El progresivo deshielo del Ártico muestra las dos caras de una misma moneda: de un lado, el calentamiento global producido por la acción humana, principalmente; y, de otro, la inoperancia mostrada por la sociedad internacional para frenar, ralentizar o reducir los efectos del cambio climático.
Es de temer que cuando se tome plena conciencia de este desafío global y se adopten medidas igualmente globales e integrales para contrarrestarlo, pueda ser demasiado tarde para contener el efecto dominó que implica. Asistimos, por tanto, a un “auténtico ecocidio”, en palabras de Vicenç Fisas, quien no duda en señalar que estamos ante una carrera contrarreloj, en la que no queda más tiempo que una década o poco más.
A semejanza de la Antártida y, en menor grado, el Himalaya, el Ártico funciona a modo de refrigerador de la temperatura del planeta. Sin embargo, la continua reducción de la superficie del hielo ártico (en un 40% desde finales de los años setenta) y su previsible extinción en unas tres décadas implicará, a su vez, una inexorable aceleración del calentamiento global. De manera que el deshielo del Ártico es a un mismo tiempo consecuencia y causa del cambio climático.

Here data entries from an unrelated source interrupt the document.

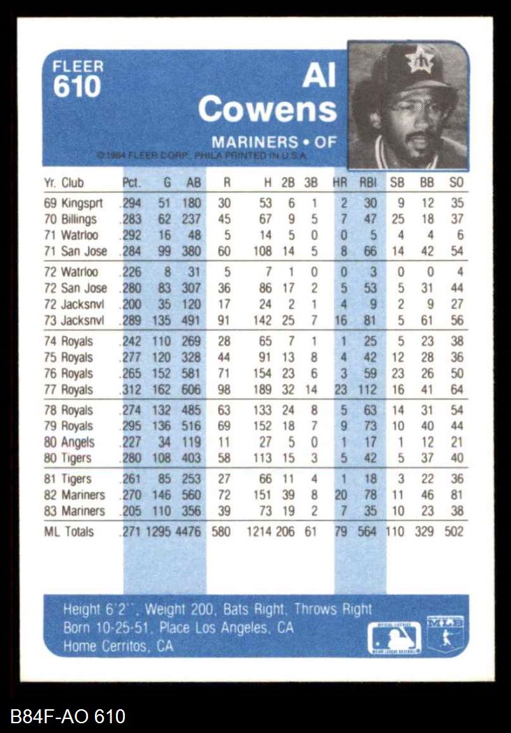 1984 Fleer Baseball Cards (1,882 available)1984 Fleer Mariners (86 available)
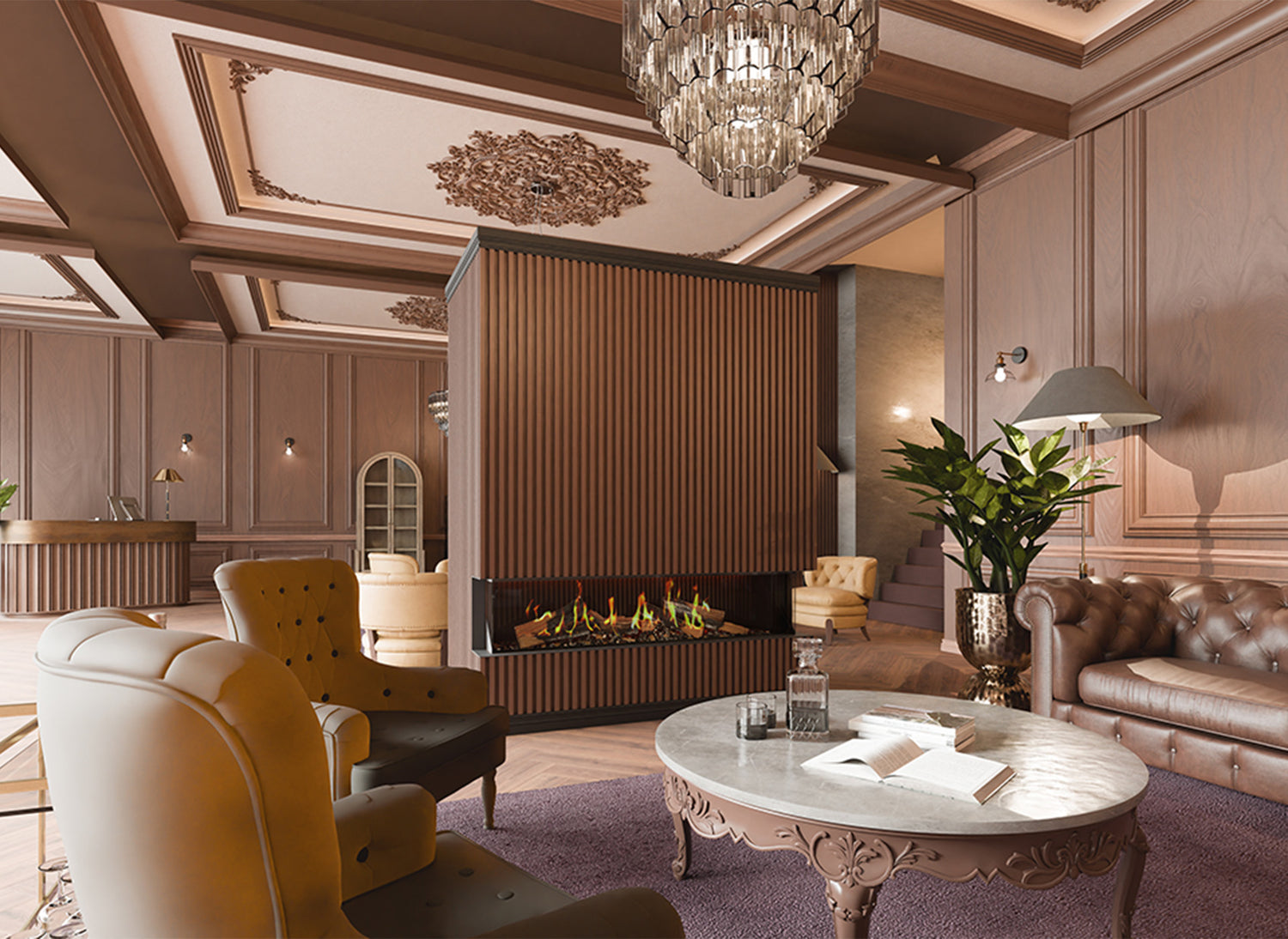 Door het brede ontwerp past de Virtuo 180/3 perfect in grote cinewalls en ruime woonkamers. Het vuurbeeld vult de hele voorkant én beide zijkanten, waardoor de haard een echte blikvanger wordt in je interieur.
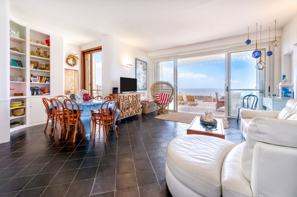A fluid interconnection of rooms, in an ideal progression from the entrance towards the sea, connotes the interior. On the ground floor, there is a bedroom, a study and a bathroom, the kitchen and the living area that opens onto a large terrace with a whirlpool bath; on the first floor, there is the sleeping area with two bathrooms, three bedrooms and a balcony bordered by an iron parapet that seems to be sucked in by the sea undertow.

En este sentido, como apunta el autor, el Ártico es un indicador del cambio climático, una “alerta temprana” y “vital”. Su preservación debería ser, por tanto, un “imperativo moral y ecológico”. De ahí que reivindique un estatus similar a la Antártida que, pese a no estar enteramente libre de amenazas, sea declarado como patrimonio de la humanidad. Esto es, una zona desmilitarizada y de paz, santuario de la naturaleza, preservada “de cualquier tipo de explotación, sea minera, pesquera o comercial, que acelere su destrucción como territorio regulador del clima del planeta”.
Por el contrario, señala Fisas, el impacto que se cobrará su continuada erosión es doble, tanto en el ámbito medioambiental como en el de la seguridad humana. Entre el elenco de efectos que se cobraría en el primer caso, cabe destacar el aumento de la radiación solar, el calentamiento del planeta y de los océanos, con una reducción del oxígeno oceánico y aumento de la acidez de los océanos; unido a la liberación de gas metano por la desaparición del permafrost (hielos permanentes en la superficie terrestre), de mercurio que podrá pasar a la “cadena alimenticia”, e incluso de bacterias que estaban “hibernando”.
A su vez, el incremento del nivel de mar (en un metro a finales de siglo) comportará la inundación de zonas costeras habitadas, la desaparición de playas en “zonas turísticas”, de cultivos en zonas bajas; además de pequeñas islas y países del Pacífico. También llevará aparejado fenómenos naturales extremos como “cambios bruscos de temperatura ambiental, huracanes, heladas y sequías”. En suma, los riesgos para la biodiversidad marina, pesquerías, ecosistemas, salud, alimentación, agua y seguridad humana son evidentes.
Unido a su impacto sobre la naturaleza, el cambio climático también se cobrará sus dividendos en la seguridad humana. De hecho, muchas poblaciones ya están sufriendo sus efectos, como recoge el autor: “Más de 30 millones de personas se vieron obligadas a desplazarse durante el 2012 a consecuencia de desastres naturales y esta tendencia podría intensificarse en la medida que los efectos del cambio climático se profundicen”.
Sin olvidar la potencial conflictividad asociada a la competición por una creciente demanda de recursos menguantes, como han señalado algunos autores como Michael T. Klare en su triología: Guerras por los recursos. El futuro escenario del conflicto global. Barcelona: Ediciones Urano, 2003; Sangre y petróleo. Peligros y consecuencias de la dependencia del crudo. Barcelona: Tendencias, 2006; Planeta sediento, recursos menguantes. La nueva geopolítica de la energía. Barcelona: Tendencias, 2008. Unido a otros autores que vaticinan que los cambios en las condiciones climáticas pueden provocar respuestas violentas, de conflictos y guerras. Así lo apuntan, entre otros, Gwynne Dyer: Climate Wars. The Fight for Suvirval as the World Overheats. Toronto: Random House of Canada, 2008; y Harald Welzer: Guerras climáticas. Por qué mataremos (y nos matarán) en el siglo XXI. Madrid: Katz, 2010.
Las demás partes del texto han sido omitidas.